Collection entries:

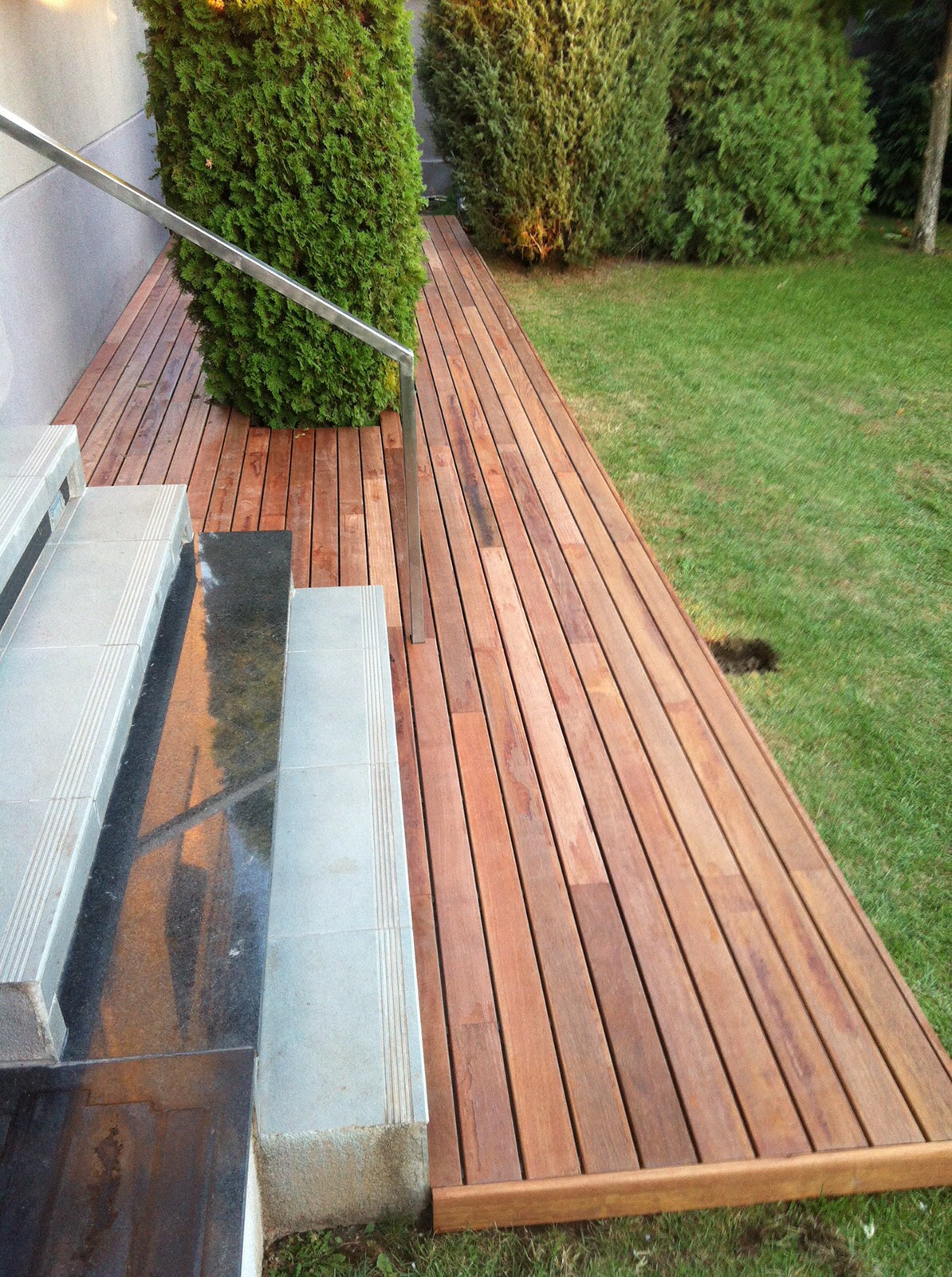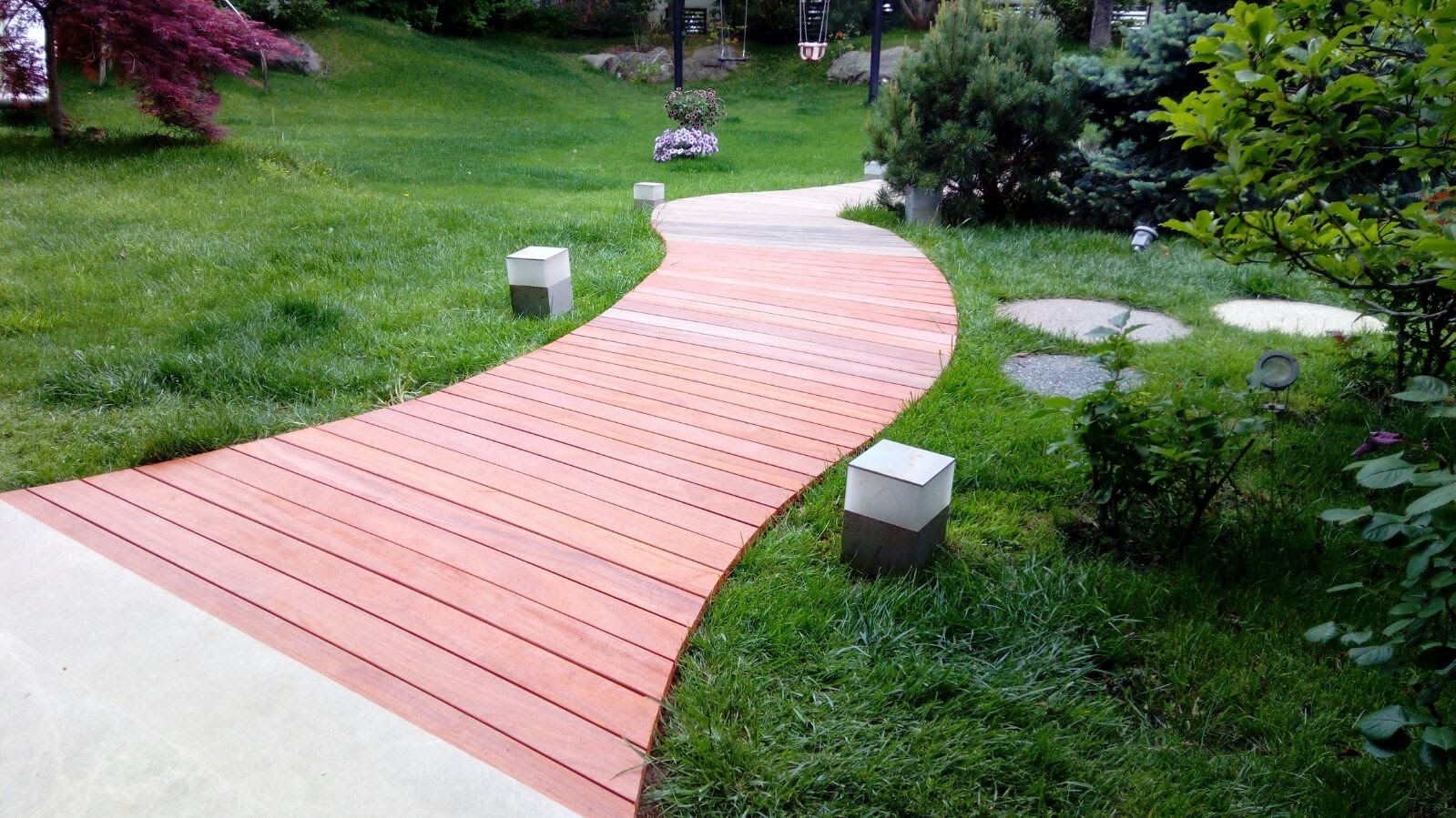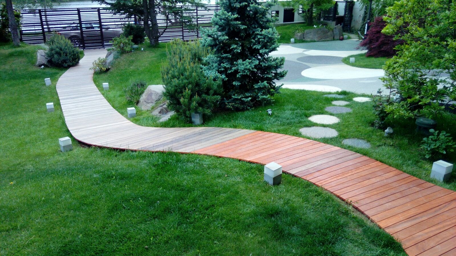 Alee placata cu lemn. O gradina interioara moderna.
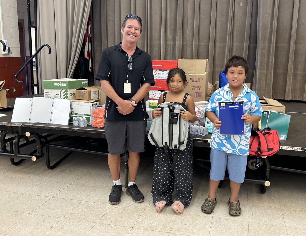 During a special presentation, Youth Service Chair Dan Jaeger displayed 15 boxes of school supplies on the stage for the students to see. These supplies were collected at the club’s 10th annual drive at the Lahaina Cannery Mall, thanks to contributions from 5A Rent-a-Space, Maui United Way, and members of the local community. The supplies will be made available to teachers to help stock their classroom supply closets.
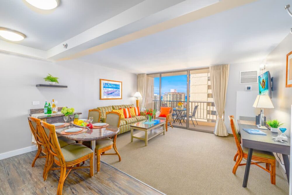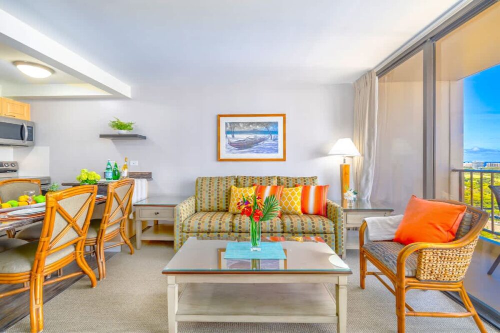 Ready to drink in a pristine view of the ocean and Diamond Head Mountain from your towering island condo? Then you’ll love this one-bedroom unit in the heart of historic Waikiki at the family-friendly Waikiki Sunset Resort. This 20th-floor condo truly has it all: a breathtaking view of both the ocean and of Diamond Head, not to mention a private lanai to enjoy it from! You’ll be only a 5-minute walk from the warm sands and blue waters of the Pacific at one of Hawaii’s most well-renowned, popular, and famous beaches, ready to soak up the sun, do some snorkeling, or kick back and relax on your new favorite lounge chair.
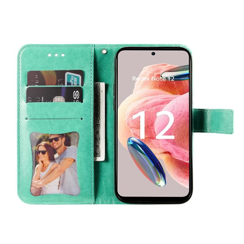 Για Xiaomi Redmi Note 12 4G Global 7-πέταλο λουλούδια ανάγλυφη δερμάτινη θήκη τηλεφώνου (πράσινο)
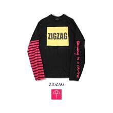 【LISA国潮】ZIGZAG 16AW 假两件黑红拼接条纹撞色长袖男女TEE恤
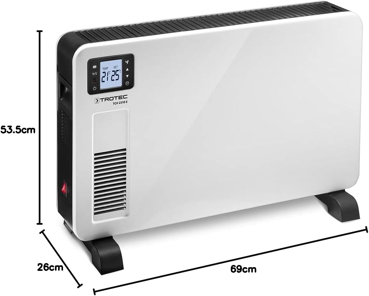 - Gemeinsam haben die technisch baugleichen Heizgeräte ein elektrisches Heizelement mit 2.300 Watt Heizleistung und Thermostatsteuerung, um Räume bis zu einer Grösse von 27 m² bzw. 67 m³ mit drei Heizstufen (1.000 W, 1.300 W, 2.300 W) gleichmässig und gradgenau auf die gewünschte Raumtemperatur im Temperaturbereich von 5 bis 37 °C zu beheizen.
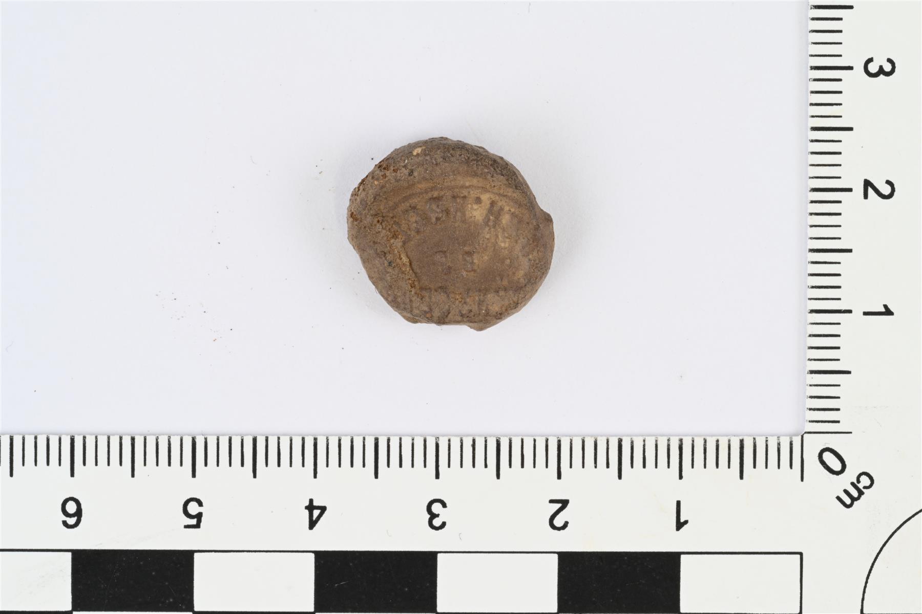 | Suurehkon pyöreän plombin tai sinetin katkelma. Kaksipuolinen, molemmilla puolilla leimat, joissa tekstiä, ja toisella puolella keskellä koristeellinen kruunu, vaakuna tms. | |
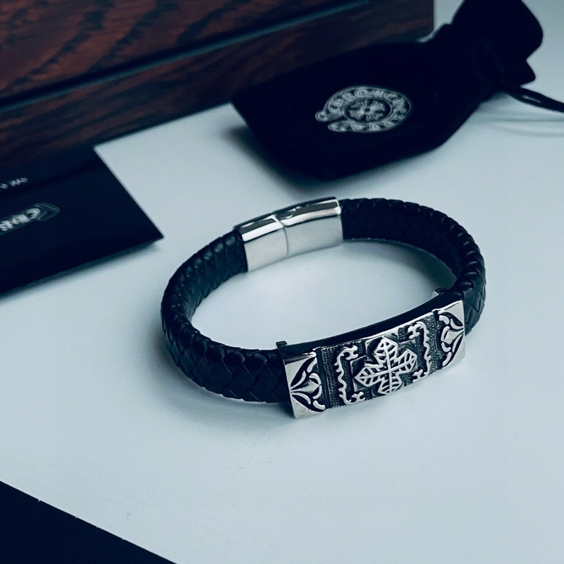 Bracelet en cuir classique Chrome Hearts avec croix et fleur, authentique et vintage
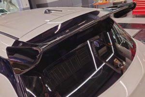 リアスポイラーはゲルコート仕上げのベースにブラックの塗装を施したうえで装着
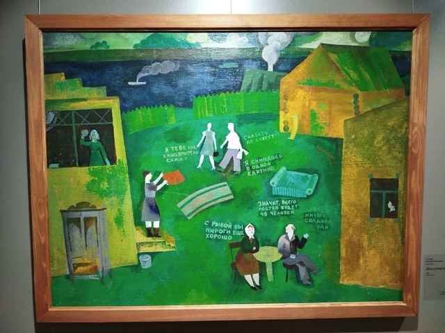 Открывает экспозицию масштабное полотно «Село Чусовое» – это коллективная работа 12 художников, которые в разное время были причастны к этому селу. У них были творческие мастерские и дачи. Картина представляет собой калейдоскоп деревенского мира, с бытовыми сюжетами, сценами отдыха, работы. На холсте также можно заметить самих художников, которые черпают вдохновение в деревенской жизни.
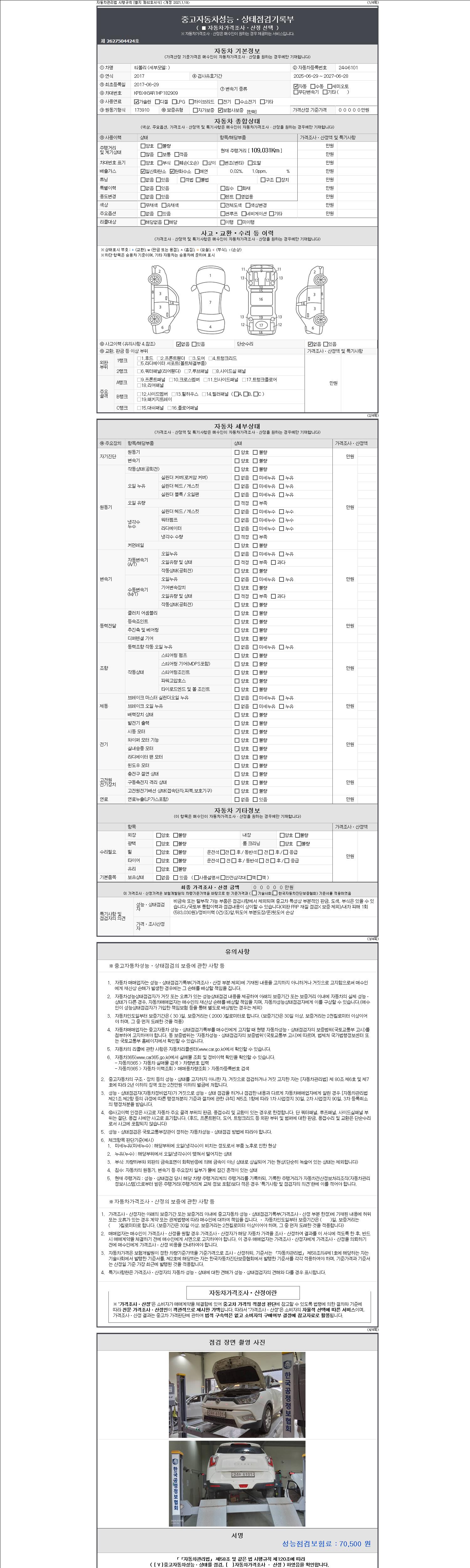 2. 차량 등록증이나 성능점검지 등을 상담자에게 요청및 확인하시고 사전에 미리 점검 하시기를 권유드립니다.
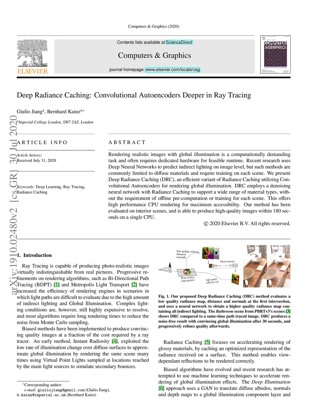 Deep Radiance Caching: Convolutional Autoencoders Deeper in Ray Tracing
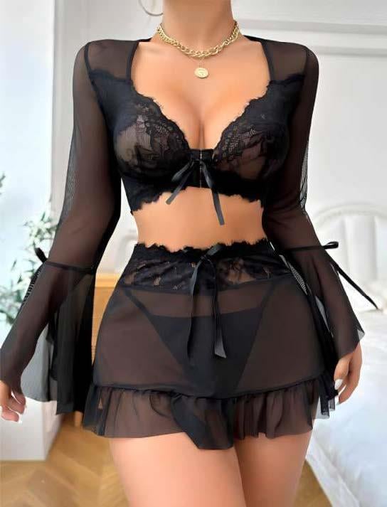 - Siyah Dantelli Etekli Fantezi Tül Bolero Sütyen Takım
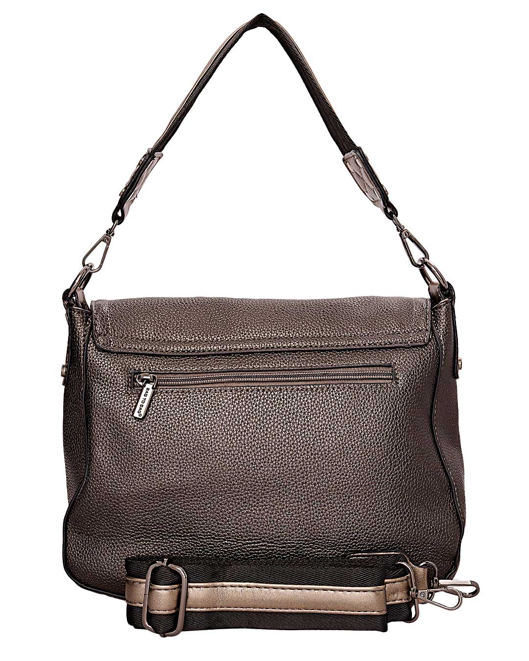 Τσάντα χιαστί από υψηλής ποιότητας τεχνόδερμα.Αποτελείται από έναν κύριο χώρο που κλείνει με φερμουάρκαι καπάκι που κλείνει με κουμπιά.Εξωτερικά στην πίσω όψη διαθέτει βοηθητική τσέπη που κλείνει με φερμουάρΔιαθέτει αποσπώμενο-ρυθμιζόμενο ιμάντα!
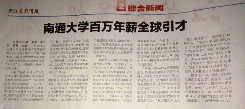 又讯 2月3日出版的《江苏教育报》,在二版头条位置刊登了题为《mg冰球突破试玩百万年薪全球引才》的文章,介绍了mg冰球官网高层次人才招聘的信息,以及近年来mg冰球官网人才工作相关举措以及取得的成绩。
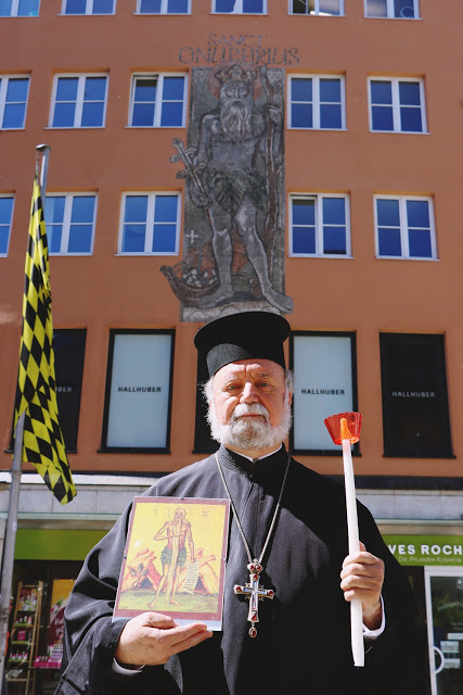 Με αφορμή τη φετεινή εορτή του αγίου ο Πρωτοπρεσβύτερος Απόστολος Μαλαμούσης μετέβη χθες (12.6.20) στην κεντρική πλατεία του Μονάχου, την Marienplatz και άναψε, μπροστά στην παράσταση του Αγίου Ονουφρίου, ένα κερί προς τιμή του. Στα χέρια του κρατούσε και την ορθόδοξη βυζαντινή εικόνα του Αγίου Ονουφρίου.

**Work item**
Your copy should match the entries above exactly and contain no pictures.

**Result for this task**
 Alee placata cu lemn. O gradina interioara moderna.
 During a special presentation, Youth Service Chair Dan Jaeger displayed 15 boxes of school supplies on the stage for the students to see. These supplies were collected at the club’s 10th annual drive at the Lahaina Cannery Mall, thanks to contributions from 5A Rent-a-Space, Maui United Way, and members of the local community. The supplies will be made available to teachers to help stock their classroom supply closets.
 Ready to drink in a pristine view of the ocean and Diamond Head Mountain from your towering island condo? Then you’ll love this one-bedroom unit in the heart of historic Waikiki at the family-friendly Waikiki Sunset Resort. This 20th-floor condo truly has it all: a breathtaking view of both the ocean and of Diamond Head, not to mention a private lanai to enjoy it from! You’ll be only a 5-minute walk from the warm sands and blue waters of the Pacific at one of Hawaii’s most well-renowned, popular, and famous beaches, ready to soak up the sun, do some snorkeling, or kick back and relax on your new favorite lounge chair.
 Για Xiaomi Redmi Note 12 4G Global 7-πέταλο λουλούδια ανάγλυφη δερμάτινη θήκη τηλεφώνου (πράσινο)
 【LISA国潮】ZIGZAG 16AW 假两件黑红拼接条纹撞色长袖男女TEE恤
 - Gemeinsam haben die technisch baugleichen Heizgeräte ein elektrisches Heizelement mit 2.300 Watt Heizleistung und Thermostatsteuerung, um Räume bis zu einer Grösse von 27 m² bzw. 67 m³ mit drei Heizstufen (1.000 W, 1.300 W, 2.300 W) gleichmässig und gradgenau auf die gewünschte Raumtemperatur im Temperaturbereich von 5 bis 37 °C zu beheizen.
 | Suurehkon pyöreän plombin tai sinetin katkelma. Kaksipuolinen, molemmilla puolilla leimat, joissa tekstiä, ja toisella puolella keskellä koristeellinen kruunu, vaakuna tms. | |
 Bracelet en cuir classique Chrome Hearts avec croix et fleur, authentique et vintage
 リアスポイラーはゲルコート仕上げのベースにブラックの塗装を施したうえで装着
 Открывает экспозицию масштабное полотно «Село Чусовое» – это коллективная работа 12 художников, которые в разное время были причастны к этому селу. У них были творческие мастерские и дачи. Картина представляет собой калейдоскоп деревенского мира, с бытовыми сюжетами, сценами отдыха, работы. На холсте также можно заметить самих художников, которые черпают вдохновение в деревенской жизни.
 2. 차량 등록증이나 성능점검지 등을 상담자에게 요청및 확인하시고 사전에 미리 점검 하시기를 권유드립니다.
 Deep Radiance Caching: Convolutional Autoencoders Deeper in Ray Tracing
 - Siyah Dantelli Etekli Fantezi Tül Bolero Sütyen Takım
 Τσάντα χιαστί από υψηλής ποιότητας τεχνόδερμα.Αποτελείται από έναν κύριο χώρο που κλείνει με φερμουάρκαι καπάκι που κλείνει με κουμπιά.Εξωτερικά στην πίσω όψη διαθέτει βοηθητική τσέπη που κλείνει με φερμουάρΔιαθέτει αποσπώμενο-ρυθμιζόμενο ιμάντα!
 又讯 2月3日出版的《江苏教育报》,在二版头条位置刊登了题为《mg冰球突破试玩百万年薪全球引才》的文章,介绍了mg冰球官网高层次人才招聘的信息,以及近年来mg冰球官网人才工作相关举措以及取得的成绩。
 Με αφορμή τη φετεινή εορτή του αγίου ο Πρωτοπρεσβύτερος Απόστολος Μαλαμούσης μετέβη χθες (12.6.20) στην κεντρική πλατεία του Μονάχου, την Marienplatz και άναψε, μπροστά στην παράσταση του Αγίου Ονουφρίου, ένα κερί προς τιμή του. Στα χέρια του κρατούσε και την ορθόδοξη βυζαντινή εικόνα του Αγίου Ονουφρίου.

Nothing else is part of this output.